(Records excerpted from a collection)
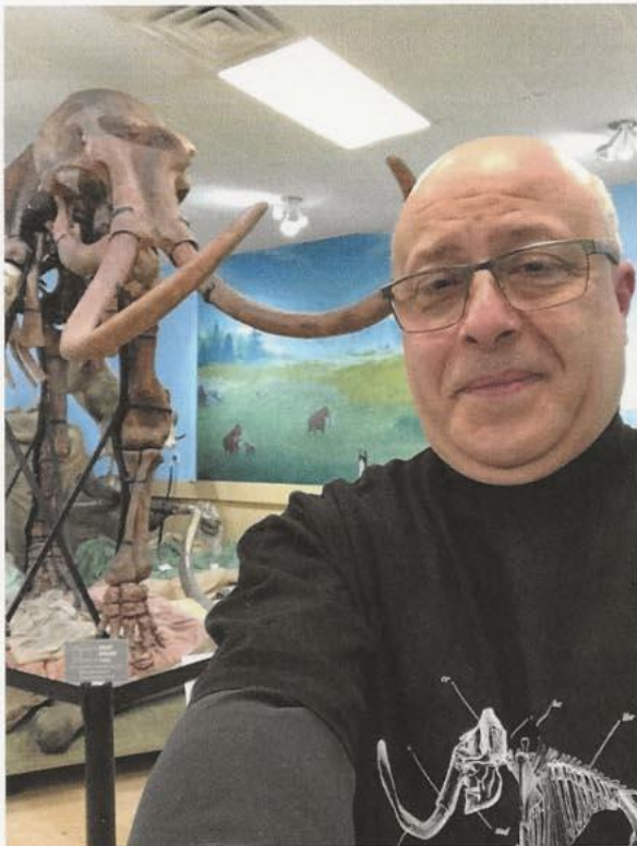
Fig. 1. Here I am at NHSM's Mammoth exhibit in 2024.
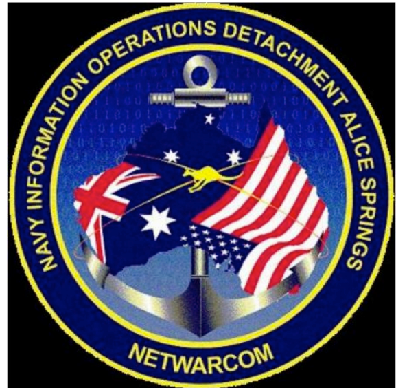
Figure 3. NIOD Alice Springs NETWARCOM
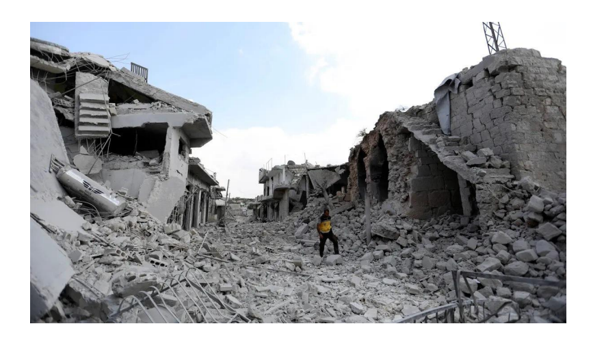
Immediately after the earthquake, the al-Assad regime resumed bombing parts of Syria that remain beyond its control.

we should do is to name those who are accountable: the treacherous contractors and employers; the media, the state, and its military; the mainstream parliamentary opposition bloc, which has tempered itself to moderation, while lionizing the state and its ideological apparatus; the bourgeoisie, its crocodile tears and uninvolved gestures of charity; the neofascist militants who police and penalize survivors, refugees, and internally displaced persons in the name of "public order"; all who have sacrificed the safety and dignity of citizens for the sake of greed and a fetish for profit.
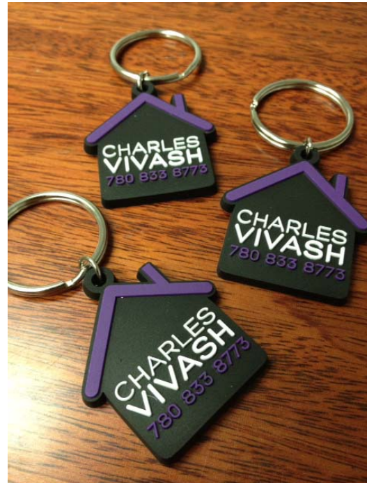
* PVC Key Chain Samples (See Item # 19)

*$20 Flat Rate Shipping to All Major Cities (for All of the Above Key Chain Products)
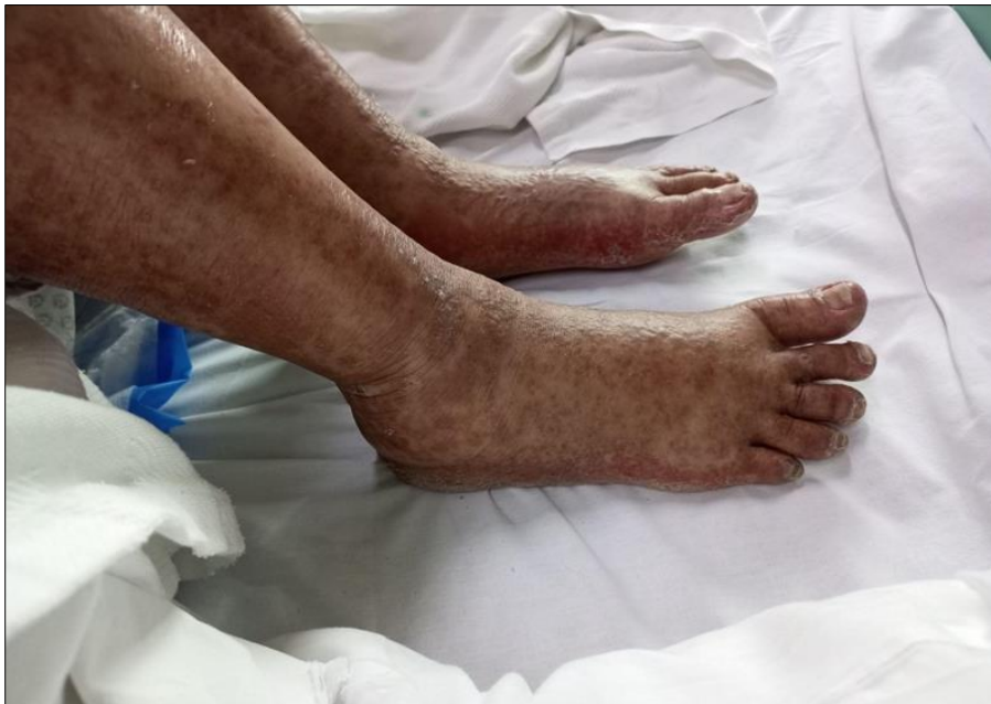
Figure 2 TEN Lower Limb showing Necrotic Epidermis (Dark discoloration)
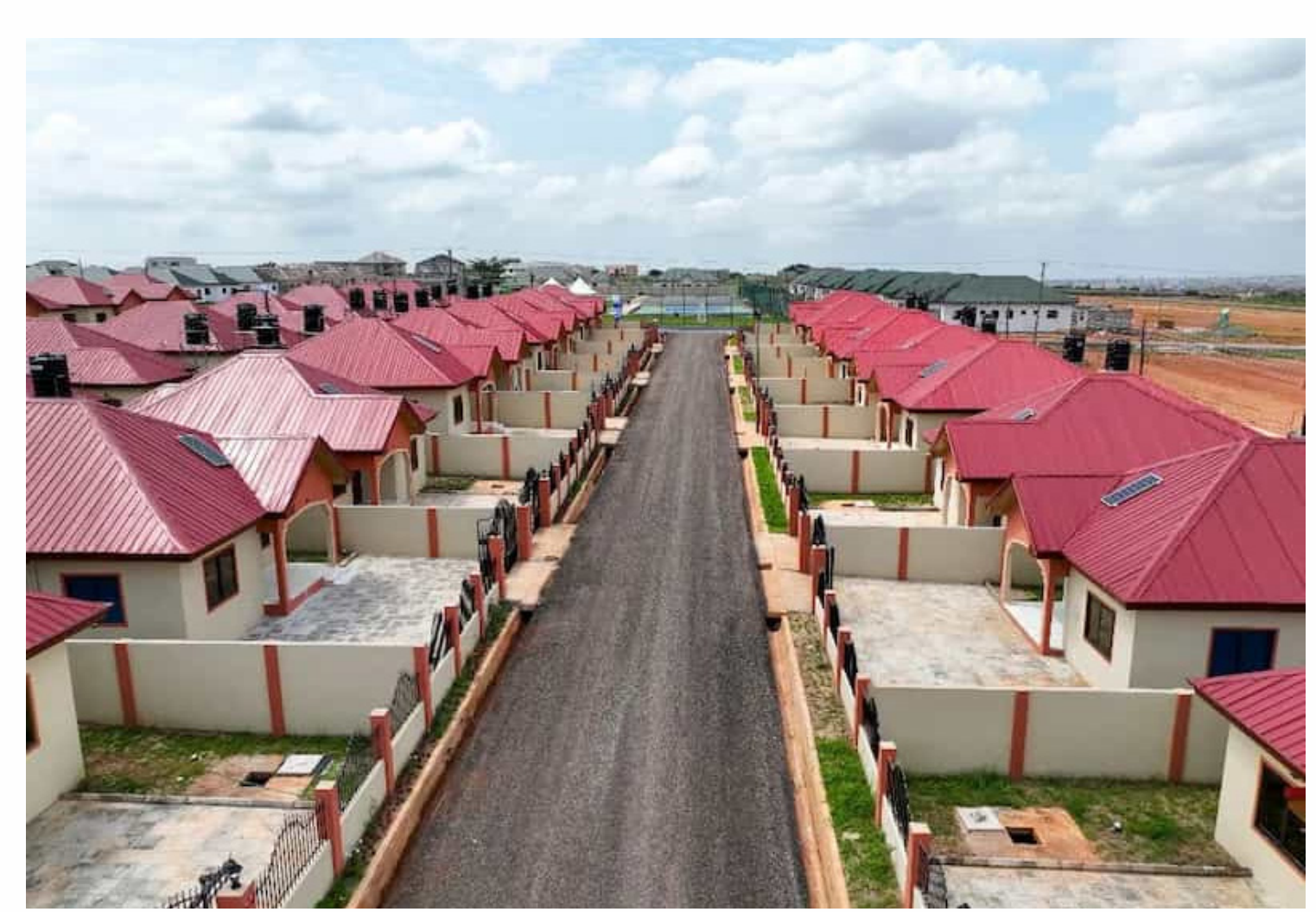
Real estate building
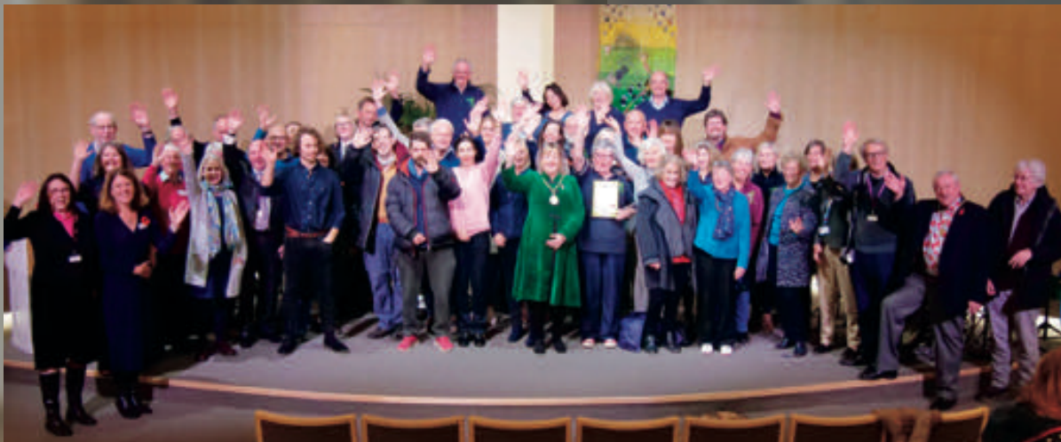
The Annual Commissioning Service held at Millmead Baptist Church celebrating with the Deputy Lieutenant of Surrey, the Mayor of Guildford, Surrey Police, Trustees, Staff, Volunteers, and family and friends...

My highlight of the year was to be able to hold a well-attended Commissioning Service at the kind invitation of Millmead Baptist church with the Mayor and other invited partners. After a two-year gap it was very special to gather as the GTCC family, to welcome new members to the Charity and to bless our many volunteers in public.
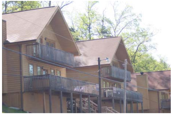
A few of the chalets available to rent at Eagle Cove on Dale Hollow Lake.

Eagle Cove Resort just off Hwy 325 on Dale Hollow Lake offers houseboats, chalets, cabins fully furnished with all the amenities. Even some of the houseboats offer hot tubs.
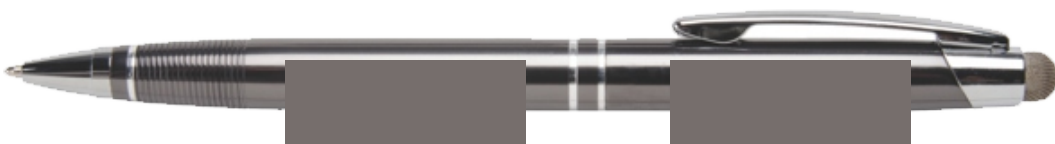
Gunmetal w/ Black Ink

Barrel Revolution = 1 ¼ x ½" Cap Revolution = 1 ¼ x ½"
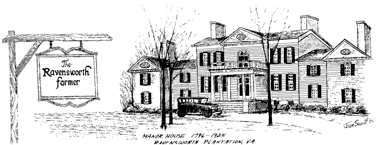
MANDR HOUSE 1796-1925 RAVENSWORTH PLANTATION, VA.

The Official Publication of the Ravensworth Farm Civic Association, Inc. Springfield, Virginia
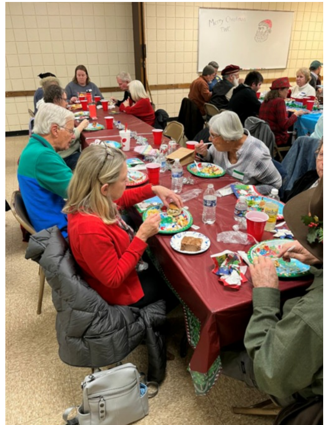
A festive gathering for all

Exercise instructions
Copy the records above from the first line through the line containing "Immediately after the", both included, and leave out any pictures.

Task output
Fig. 1. Here I am at NHSM's Mammoth exhibit in 2024.
Figure 3. NIOD Alice Springs NETWARCOM
Immediately after the earthquake, the al-Assad regime resumed bombing parts of Syria that remain beyond its control.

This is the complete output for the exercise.